After winning the 1989 World Series with Oakland, on December 3, 1989, Parker signed a two-year contract with the Milwaukee Brewers. He had a solid year as the Brewers' DH with a .289 average and 21 home runs in 610 at-bats, and was selected as a reserve for the 1990 All-Star Game. The next season Milwaukee opted for youth, and on March 14, 1991, traded the aging Parker to the Angels for Dante Bichette.

Parker's last season was 1991. He played for the California Angels until late in the season before being released on September 7. The Toronto Blue Jays then signed him as insurance for the pennant race on September 14. Jays general manager Pat Gillick signed him at the league minimum wage of $11,500, or $650 per game, with 19 remaining games in the season. Parker went 12 for 37, for a batting average of .324 for the limited action he had as the Jays' DH in the final stretch of the season. Since he was acquired so late in the season, he did not qualify for inclusion on the postseason roster and was unable to play in the 1991 American League Championship Series against the Minnesota Twins. He became a free agent following the end of the season. The Chicago White Sox were the only team showing interest in him as a possible backup for Bo Jackson in March 1992. But with the Sox signing former Blue Jay George Bell on April 2, 1992, Parker had no other potential offers to continue playing in the major leagues.

==Career statistics==

| G | AB | R | H | 2B | 3B | HR | TB | RBI | SB | BB | AVG | OBP | SLG | OPS | FLD% |
| 2466 | 9358 | 1272 | 2712 | 526 | 75 | 339 | 4405 | 1493 | 154 | 683 | .290 | .339 | .471 | .810 | .966 |
Source:

In 30 postseason games, Parker batted .234 (26-for-111) with 11 runs, five doubles, three home runs, 11 RBI, and seven walks.

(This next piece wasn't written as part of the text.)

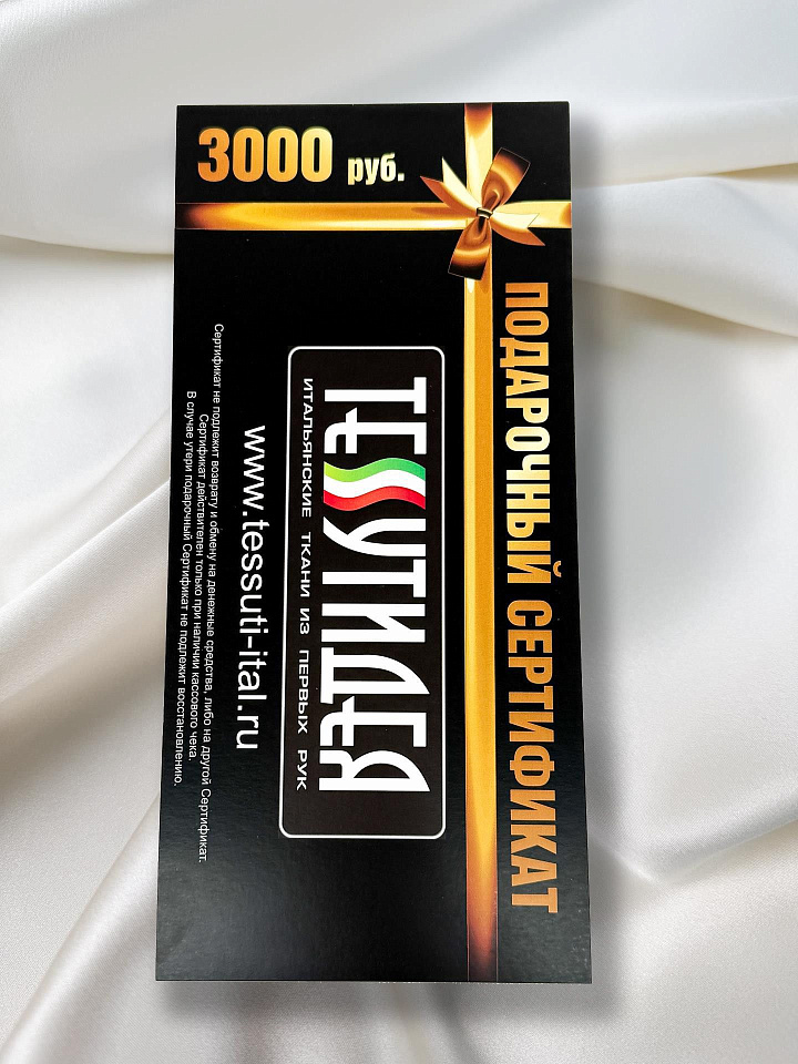 Подарочный сертификат на 3000 рублей - цена 3 000 ₽ У нас самые доступные цены на в Москве, доставка по всей России - интернет магазин тканей Тессутидея. Артикул товара для заказа - S-3000. Страна производства ткани – Россия. Ширина этого материала - . Состав - . Наличие остатков на складе - 50

Additionally, Parker played three winter league seasons in Venezuela — 1974–75, 1976–77, and 1982–83 — all with the Navegantes del Magallanes. Over the course of his LVBP career, he posted a .347 batting average with 150 hits, 32 walks, and 88 runs batted in.

==Post-retirement, personal life, and death==
Parker served as a first-base coach for the Anaheim Angels in 1997, a batting coach for the St. Louis Cardinals in 1998. He was elected to the Reds Hall of Fame Class of 2014, which also included fellow Cincinnati natives Ron Oester and Ken Griffey Jr. In 2012, he was inducted into the Cincinnati Public Schools Athletic Hall of Fame. That same year, he was inducted into the Navegantes del Magallanes Hall of Fame. On September 3, 2022, he was inducted into the Pittsburgh Pirates Hall of Fame as part of its inaugural class.

Parker never got more than 24% of votes on Baseball Hall of Fame ballots, and his 15-year Baseball Writers' Association of America eligibility was exhausted on the ballot. Supporters of Parker's candidacy argue that his involvement with the Pittsburgh drug trials contributed to his not being voted into the Hall of Fame, which may have also harmed the candidacies of Keith Hernandez (who never received more than 10.8% and fell off the writers' ballot after nine appearances) and Tim Raines (who was not elected until his 10th year on the ballot, after debuting at 24.3%), serving as a precursor to those listed on the Mitchell Report not being voted into the Hall of Fame due to steroid abuse.
He appeared on the Classic Baseball Era Committee's ballot and was elected with 87.5% of the vote (appearing on 14 of 16 ballots) on December 8, 2024. He was scheduled to be inducted on July 27, 2025; however, he died 29 days before this took place. His son Dave Parker II delivered a speech on his behalf.

Parker had six children. He lived in Loveland, Ohio, near Cincinnati, with his wife, Kellye. He owned several Popeyes chicken franchises in Cincinnati for about 22 years, before selling them after being diagnosed with Parkinson's disease in 2012. In 2013, he confirmed to the Pittsburgh Tribune-Review that he had been diagnosed with Parkinson's within the past year. He was involved in raising money to find a cure for Parkinson's through the Dave Parker 39 Foundation.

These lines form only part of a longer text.